The FLP paper plays an important role in the distributed world, and of course, it’s hard to understand. This is the first distributed paper I read down every word, it is very difficult, here to record, and even possible to write simple, I hope to help new people into distributed computing to understand the FLP paper more easily. Of course, no matter how simple, mathematical symbols can not run, but do not be afraid to read a word down.

The name of the original paper is Impossibility of Distributed Consensus with One Faulty Process. The simple name is FLP-IMpossibility.

If something is wrong in this article, please comment and correct it.

preface

The FLP theorem puts a coffin on the distributed consistency algorithm, proving that it is impossible to implement a true consistency algorithm.

Of course, before we start, let’s explain what the real consistency algorithm is:

Validity: Validity. If there are only 0 and 1 types of data in all nodes, the final decision must be one of them. It is impossible to say that the algorithm somehow reached a consistent value such as -1.

-Leonard: It’s an Agreement between all the nodes.

Termination: Termination.
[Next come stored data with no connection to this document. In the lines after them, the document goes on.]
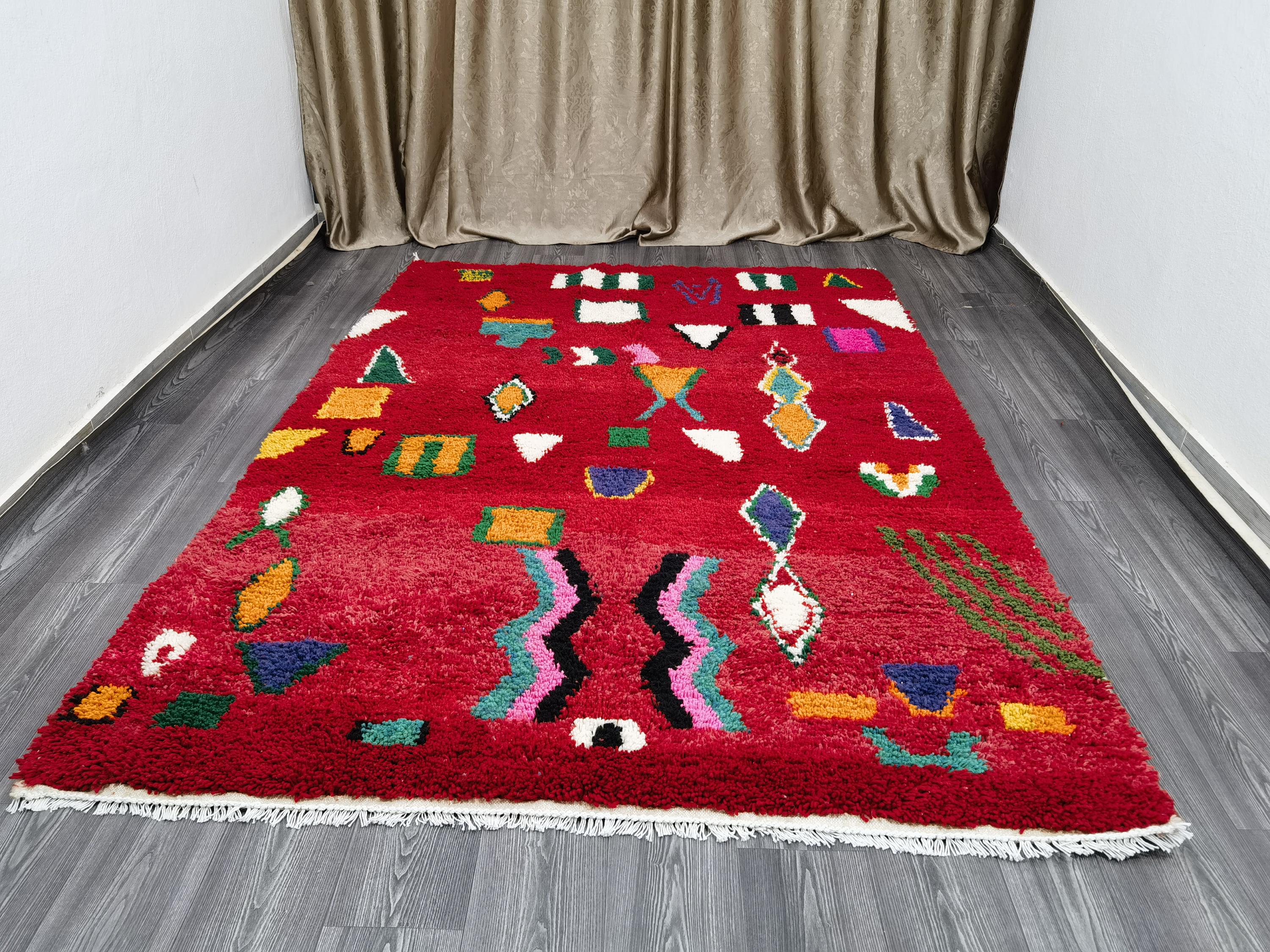 Gorgeous Beni Ourain Rug - Red Vintage Rug 8x10, Moroccan Rug 8x10, Gift Heriz Red Rugs 8x10, Gift Oriental Area, Handmade Wool Rug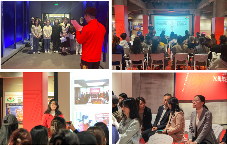 在体育教育博物馆,指导组参加了艺术学院211301团支部示范团课,观摩了辅导员主题领学,团员青年代表《吴蕴瑞》大师剧参演学生陈景涵,22年度上海市基层团组织上海市基层团组织典型选树学生团支部书记秦嘉琪,绿瓦青年讲师团成员、中国乒乓球学院学生吴依蔓及伟德武术学院青年教师、19届杭州亚运会武术散打男子56公斤级冠军江海东的分享交流以及同学们的互动交流。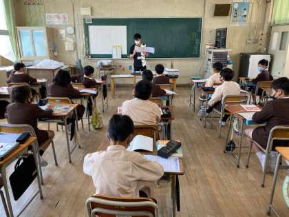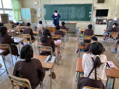 本日2時間目、4年生1・2組の授業のようすです。どちらも学活で、係決めをしたり、配付物を配ったりしています。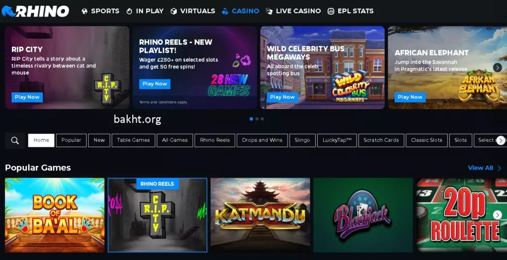 کازینو راینو بت با ارائه 200 بازی متفاوت، از دیگر بخشهای جذاب راینو بت محسوب میشود. البته که تعداد بازیها نسبت به سایتهای شرط بندی دیگر کمتر است.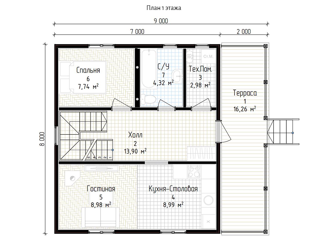 Особое внимание уделено соединению элементов — для этого используется древесина камерной сушки, что гарантирует устойчивость и долговечность конструкции.
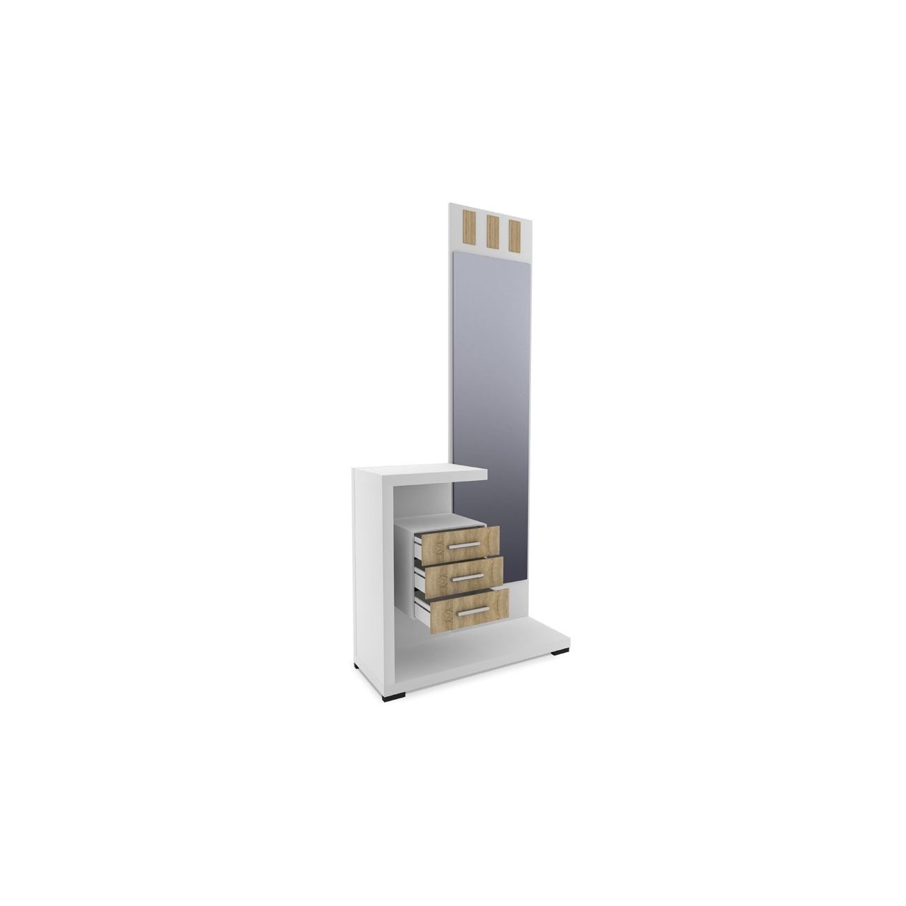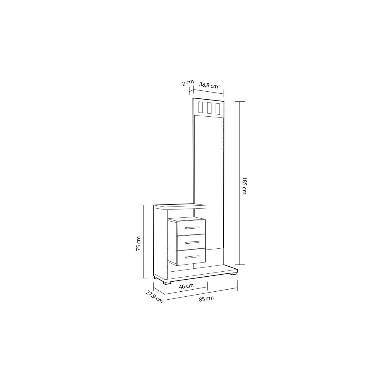 - Este móvel de corredor também lhe oferece um espaço de arrumação generoso graças às suas 3 gavetas e à estrutura que as envolve, e que lhe oferece uma prateleira superior na qual pode colocar o porta-chaves ou um acessório decorativo, e uma prateleira inferior ideal para deixar os sapatos quando entra em casa.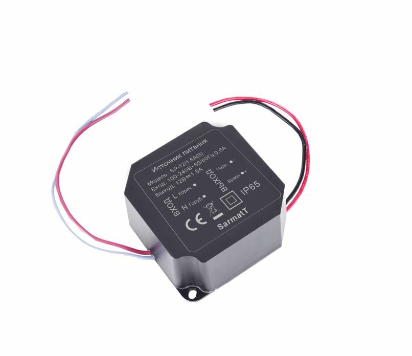 Источник вторичного электропитания 12В, 2А в корпусе IP67 (всепогодный) для скрытой установки в короба, распределительные коробки, сетевой шнур с вилк...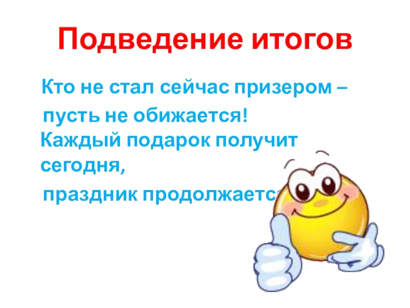 Подведение итогов  Кто не стал сейчас призером –   пусть не обижается!  Каждый подарок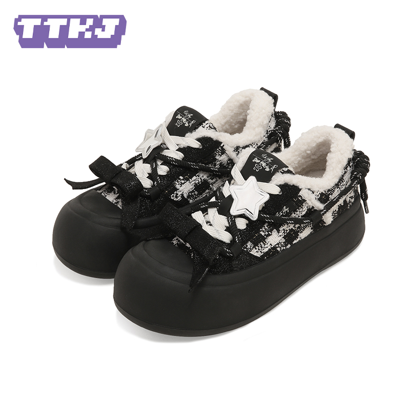 板鞋 TTKJ黑白格厚底女鞋 秋冬蝴蝶结加绒保暖大头休闲运动毛毛棉鞋

All nodes that are running normally are finally able to make decisions.

Note that consistent algorithms you know like Paxos or Raft are not really consistent because they don’t satisfy all three of the above conditions.

Terminology term

The terminology below is for this paper only, of course you can skip this section and come back to it later when you see related terminology.

Raft, Paxos, etc.

Byzantine Generals problem: The exponential data is tampered with during transmission. Consensus algorithms generally assume no Byzantine general problem, that is, that the data will not be tampered with in transit (a node will not receive a falsified data). Because in general, network protocols such as TCP guarantee that the data you get is most likely correct, and the consistency algorithm usually runs on the Intranet, which is relatively safe.
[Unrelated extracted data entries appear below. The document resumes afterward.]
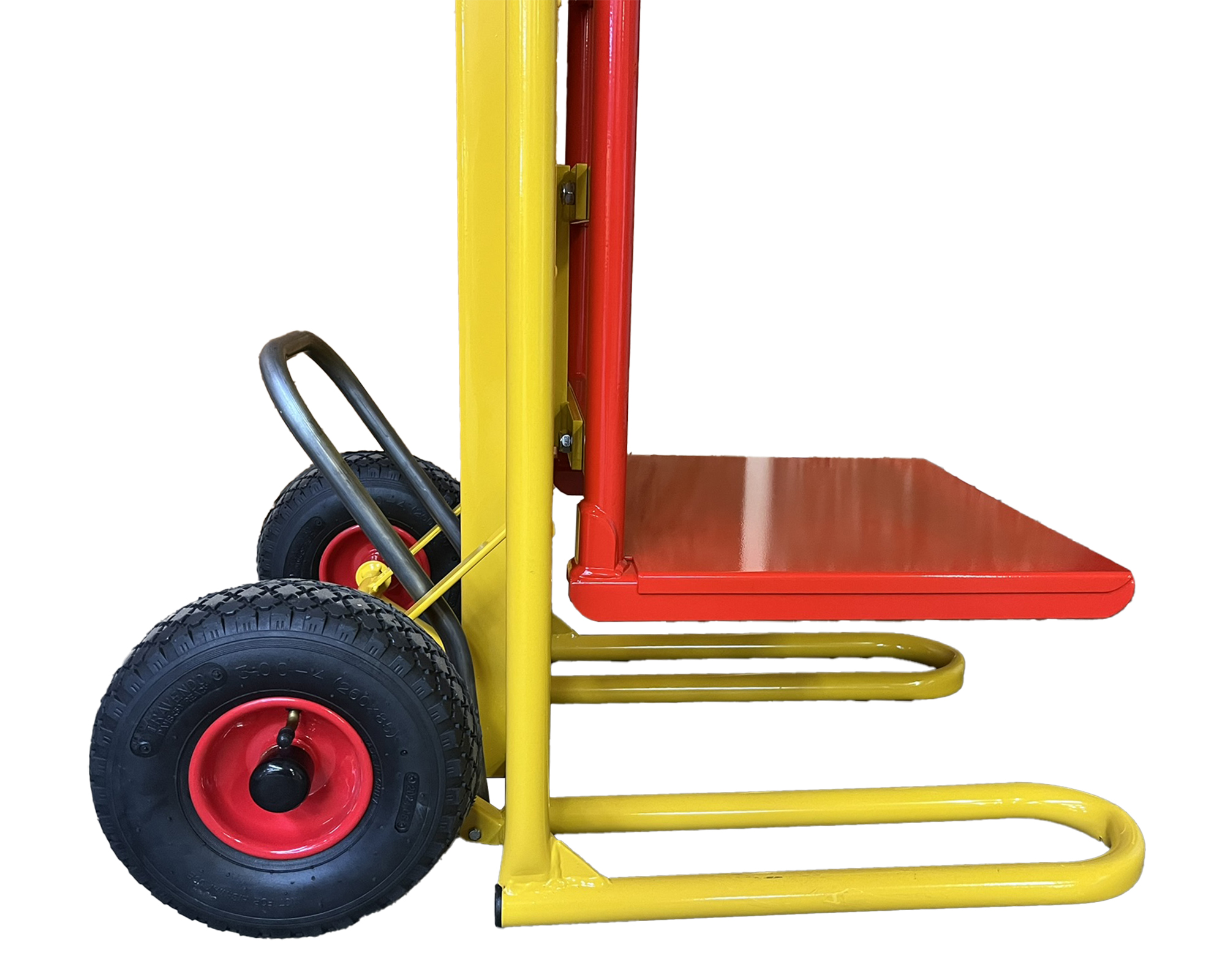 Wózek wyposażono w duże, pneumatyczne koła (3.00 x 4) z łożyskami rolkowymi, które gwarantują płynną jazdę nawet na nierównych powierzchniach, takich jak beton, kostka czy teren zewnętrzny.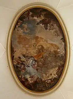 Fresque Apollon dirigeant un chœur de jeunes filles (1776-1777) de Jacopo Guarana (détail de la partition Antigono de Pasquale Anfossi) dans l'Ospedale di Santa Maria dei Derelitti.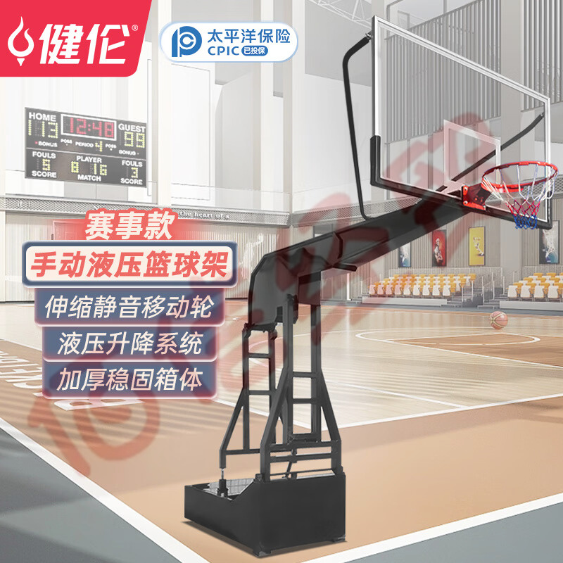 健倫(JEEANLEAN)JLGAA60 籃球架戶外移動(dòng)?槍式液壓籃球架(含防撞包24秒計(jì)時(shí)器) 自營(yíng)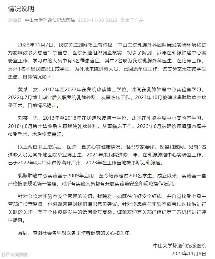 11月8日,中山大学孙逸仙纪念医院官方发布《情况说明》,回应了网络上有关“中山二院乳腺外科团队疑受实验环境和试剂影响致多人患癌”的信息。医院表示,近年在医院乳腺肿瘤中心实验室工作、学习过的人员中有3名罹患癌症,无在读学生患癌。针对将患癌与实验室或者试剂接触进行关联的关切,鉴于个体癌症发生的诱因极其复杂,诚挚欢迎有关部门组织第三方机构进行评估调查。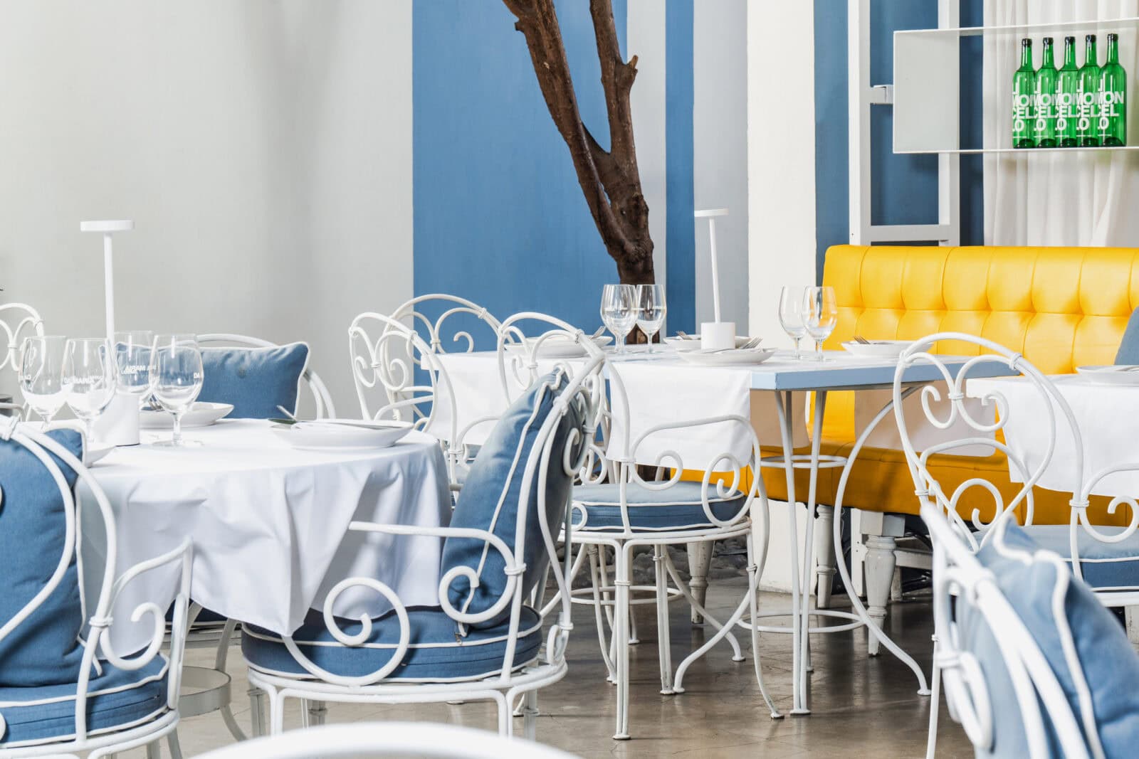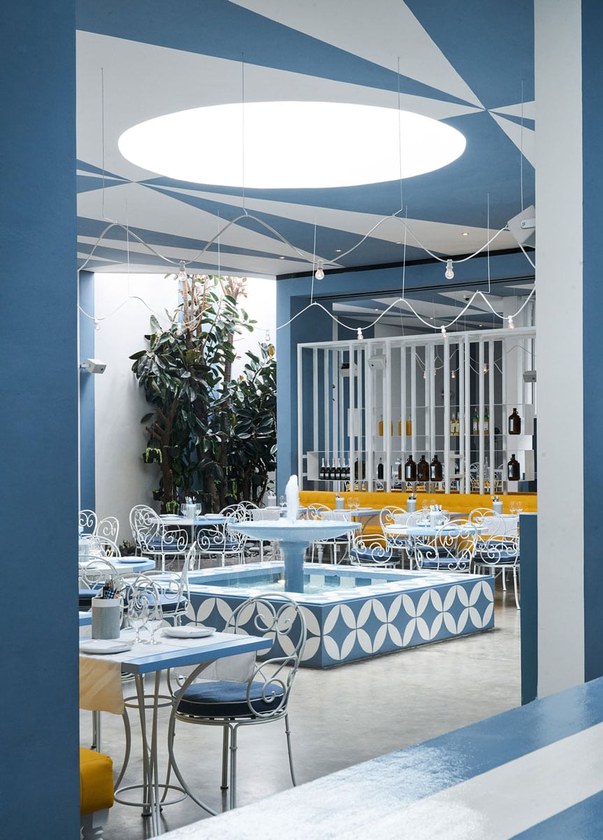 Carl Pickering of Lazzarini Pickering Architects focused on a design very reminiscent of a 1960’s Amalfi Coast courtyard with a cooling, fresh blue and white palette and bold geometric styling. The design pays homage to legendary Italian designer Giò Ponti, who created the iconic Sorrento hotel il Parco dei Principi in 1960 – the first “Design Hotel” – where he designed everything, including the magnificent graphic tiles. In Da Maria, Pickering wanted to create a cool, fresh space with air conditioning that also felt like a garden. The team at Da Maria wished to bring about a contemporary reinterpretation of classical Italian hospitality and the design team’s brief was to create a restaurant that represented that idea. Inspired by past images, Da Maria looks very third millennium and resembles no other restaurant in the world.

Process: In this paper you can think of it as a node in a distributed system. Each process PPP has an input register xpX_pXP, which can be understood as the input value. There are only 0 and 1. In addition, process PPP also has an output register, yby_byb, whose values are B, 0, and 1. Xp ∈ {0, 1}, yp ∈ {b, 0, 1} x_p \ in \ {0, 1 \}, y_p \ \ {b, 0, 1 \} in xp ∈ {0, 1}, yp ∈ {b, 0, 1}.

Message System: Think of this as a network that connects all the processes in the cluster. All processes in the whole system share this message system, through which processes communicate with each other, that is, send messages to each other.
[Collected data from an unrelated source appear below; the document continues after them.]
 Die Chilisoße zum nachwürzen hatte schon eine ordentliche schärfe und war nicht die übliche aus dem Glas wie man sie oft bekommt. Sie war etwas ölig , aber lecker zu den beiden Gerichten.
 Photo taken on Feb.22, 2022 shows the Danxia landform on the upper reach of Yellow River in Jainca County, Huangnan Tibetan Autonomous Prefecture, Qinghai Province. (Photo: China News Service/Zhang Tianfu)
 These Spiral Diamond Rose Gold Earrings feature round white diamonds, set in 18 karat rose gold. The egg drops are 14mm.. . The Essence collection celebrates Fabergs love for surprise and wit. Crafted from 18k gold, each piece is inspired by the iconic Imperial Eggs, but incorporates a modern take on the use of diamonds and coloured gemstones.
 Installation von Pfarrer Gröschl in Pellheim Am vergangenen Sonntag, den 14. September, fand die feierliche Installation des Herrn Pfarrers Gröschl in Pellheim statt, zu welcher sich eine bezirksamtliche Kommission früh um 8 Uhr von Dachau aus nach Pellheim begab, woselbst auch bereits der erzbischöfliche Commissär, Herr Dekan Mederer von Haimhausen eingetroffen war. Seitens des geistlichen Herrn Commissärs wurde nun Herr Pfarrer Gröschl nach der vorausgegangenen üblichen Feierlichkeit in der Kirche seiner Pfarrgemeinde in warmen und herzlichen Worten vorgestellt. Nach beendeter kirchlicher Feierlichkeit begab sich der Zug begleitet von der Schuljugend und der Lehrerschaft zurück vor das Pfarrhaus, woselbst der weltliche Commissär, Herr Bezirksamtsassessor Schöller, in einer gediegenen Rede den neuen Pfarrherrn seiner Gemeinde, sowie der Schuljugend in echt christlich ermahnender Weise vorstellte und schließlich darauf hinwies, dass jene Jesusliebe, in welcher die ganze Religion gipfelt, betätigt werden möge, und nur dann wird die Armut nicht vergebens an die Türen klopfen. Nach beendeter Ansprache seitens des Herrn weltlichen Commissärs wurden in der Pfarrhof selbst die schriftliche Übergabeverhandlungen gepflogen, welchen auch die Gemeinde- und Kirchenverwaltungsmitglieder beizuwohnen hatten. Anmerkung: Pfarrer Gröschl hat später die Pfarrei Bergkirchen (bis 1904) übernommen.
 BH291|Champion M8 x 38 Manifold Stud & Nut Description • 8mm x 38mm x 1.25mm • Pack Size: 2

Asynchronous system: Asynchronous system. The asynchronous system requires that (1) you do not know the relative processing speed of each process, i.e. you do not know which process will finish first. (2) Messages in Message systems may be delayed (and you don’t know how long it will be delayed, but it will be reached). (3) There is no single synchronized clock in the whole system, which means you can’t design algorithms based on time. (4) You do not have the ability to detect the dead (crash) of one process, and one process does not notify other processes in advance of dead.

Nonfaulty: No fault occurs.

Internal state: A process’s input register xpX_pXP, output register yBY_byb, Internal storage space, and so on constitute the Internal state of a process.

Configuration: A Configuration contains the internal states of all processes in the cluster plus the Message System.

Step: The process from one configuration to another is called Step. For example, a process receives a piece of data from the Message System and then changes its output register to send a message to the Message System. The whole system forms a new configuration.

Atomic step: An Atomic step that includes processes that receive data from message System, process it locally, and send data to other processes via Message System.

Decision state: The state in which a Decision is reached, such as when the process reaches a Decision and determines its value to be 0 or 1.

Initial state: all processes are fixed except the input register, where output register yb= by_B =byb= B.

Initial Configuration: All processes are Initial state and message System is empty.

So initial state, Initial Configuration, Configuration. Initial Configuration does not really refer to the configuration at the start of the consistency algorithm, but to the Initial configuration at the start of each round. For example, when we start the first round of resolution, it is an initial configuration. During the resolution process, our configuration will be changed every step until all processes are unified. A new Initial Configuration is formed. In the second round, our algorithm will start to decide again, and the result of the first round of decision will be the initial configuration of the second round, and so on.

This is why initial State allows the input register of the process to be different, since everyone’s input register is inherited from the previous round of resolution.

Run: A Run contains multiple steps.

Deciding Run: In this run, if some processes can reach the decision state, the run is called Deciding Run. (Note that some process is required in the paper).

Admissible Run: There is only one Process dead. All other normal processes receive their own messages from the Message system.

Event: e(p,m)e(p,m) E (p,m) E (p,m) indicates process PPP Receives data MMM and processes it.

Schedule: A series of events constitute a Schedule. Schedule is represented by sigma \sigma sigma. We use σ(C)\sigma(C)σ(C) to represent the result of schedule σ\sigmaσ on Configuration CCC. σ(C)\sigma(C)σ(C) is reachable from CCC. If a configuration can be reachable from some initial configuration, the configuration is accessible. Just change the word to distinguish one from initial configuration and one from configuration).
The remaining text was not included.